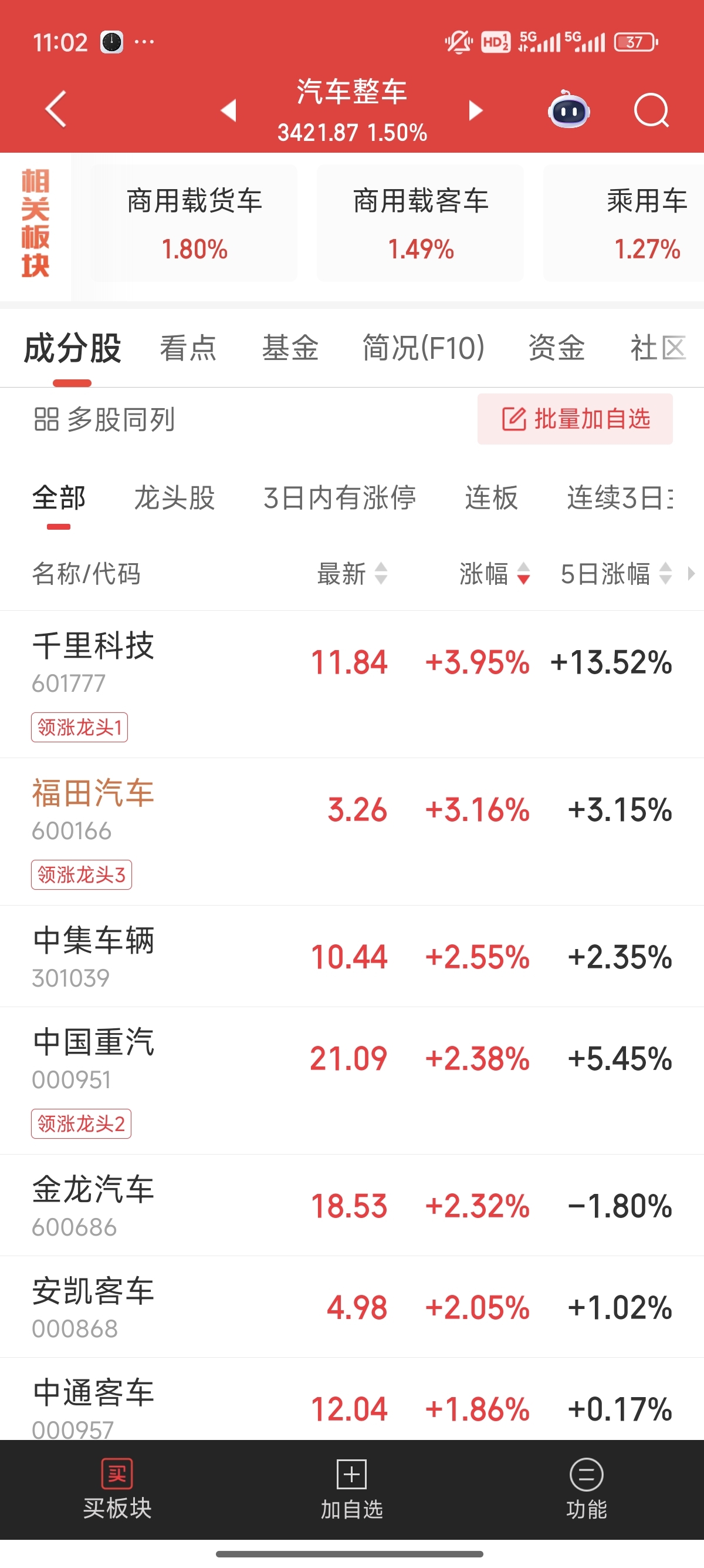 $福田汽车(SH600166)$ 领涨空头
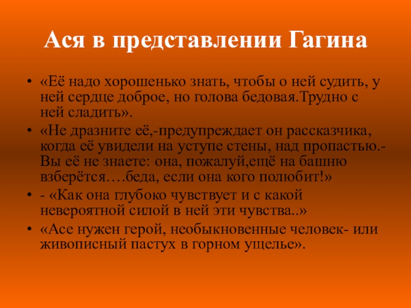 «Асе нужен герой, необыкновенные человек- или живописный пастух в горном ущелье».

+ + + + +

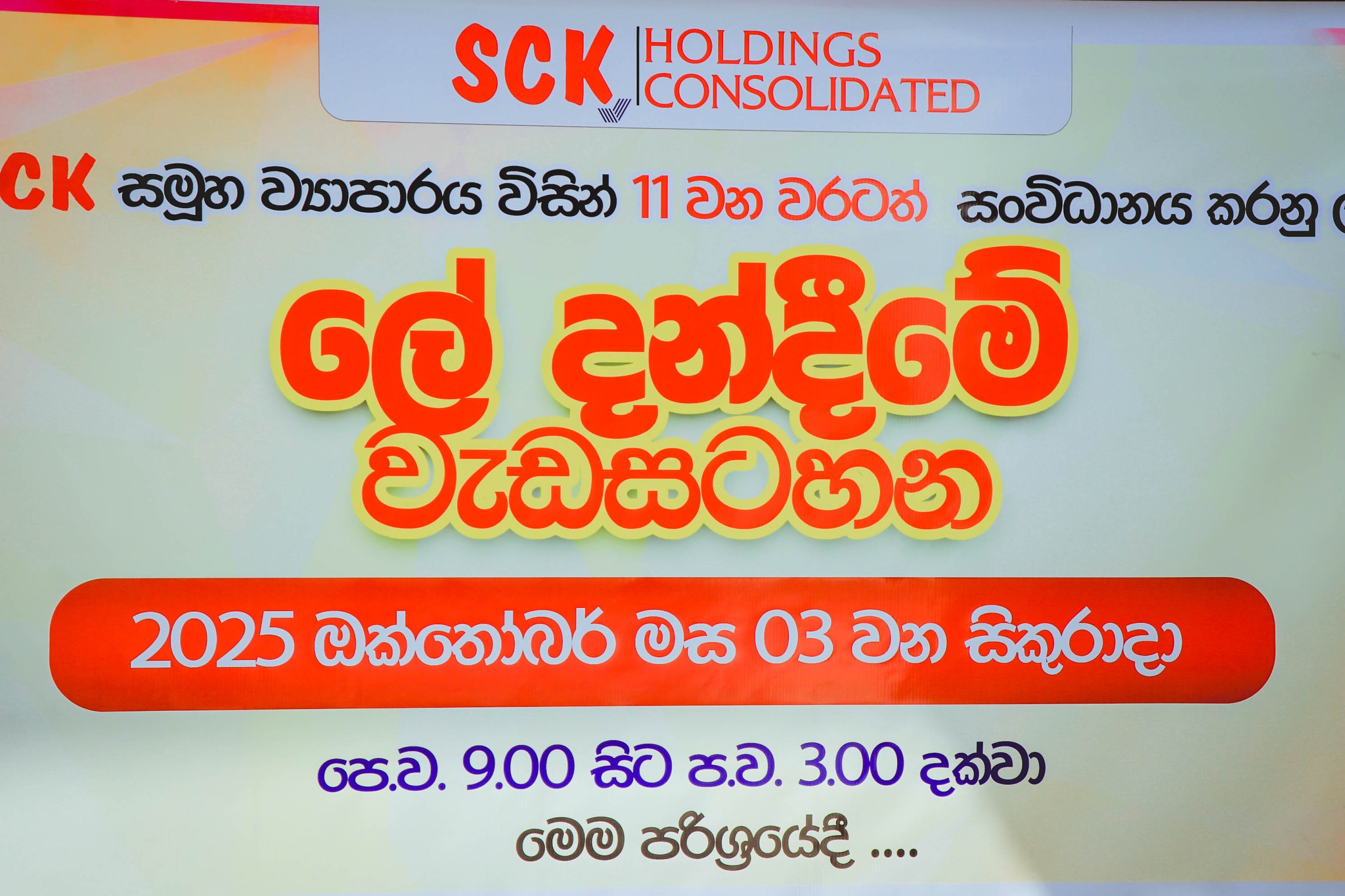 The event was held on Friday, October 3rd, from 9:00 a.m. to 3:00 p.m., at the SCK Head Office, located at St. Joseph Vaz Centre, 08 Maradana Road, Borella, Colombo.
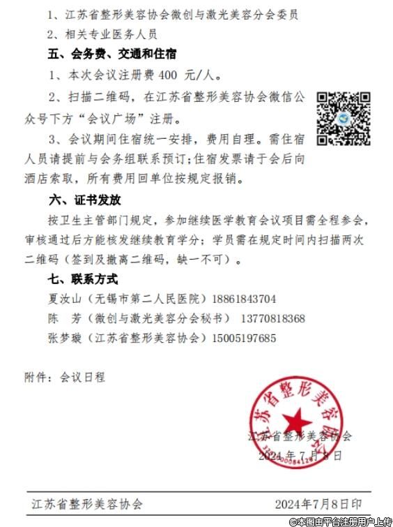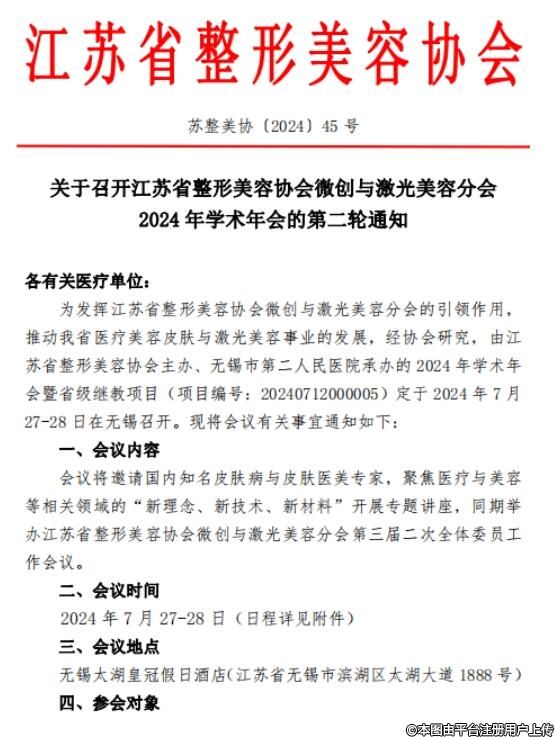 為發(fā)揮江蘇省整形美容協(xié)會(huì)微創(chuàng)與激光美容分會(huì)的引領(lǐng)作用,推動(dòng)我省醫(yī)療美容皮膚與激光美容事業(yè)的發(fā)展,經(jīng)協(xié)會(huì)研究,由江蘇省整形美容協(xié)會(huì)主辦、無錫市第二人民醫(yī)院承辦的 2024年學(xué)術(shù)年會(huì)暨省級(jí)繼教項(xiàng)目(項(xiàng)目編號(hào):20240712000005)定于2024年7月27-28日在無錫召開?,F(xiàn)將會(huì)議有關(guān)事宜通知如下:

+ + + + +

▸ **THE PROBLEM**
Your answer must be the lines above from the one holding "The event was" up to and including the one holding "為發(fā)揮江蘇省整形美容", exact and with no pictures.

▸ **RESULT**
 The event was held on Friday, October 3rd, from 9:00 a.m. to 3:00 p.m., at the SCK Head Office, located at St. Joseph Vaz Centre, 08 Maradana Road, Borella, Colombo.
 為發(fā)揮江蘇省整形美容協(xié)會(huì)微創(chuàng)與激光美容分會(huì)的引領(lǐng)作用,推動(dòng)我省醫(yī)療美容皮膚與激光美容事業(yè)的發(fā)展,經(jīng)協(xié)會(huì)研究,由江蘇省整形美容協(xié)會(huì)主辦、無錫市第二人民醫(yī)院承辦的 2024年學(xué)術(shù)年會(huì)暨省級(jí)繼教項(xiàng)目(項(xiàng)目編號(hào):20240712000005)定于2024年7月27-28日在無錫召開?,F(xiàn)將會(huì)議有關(guān)事宜通知如下:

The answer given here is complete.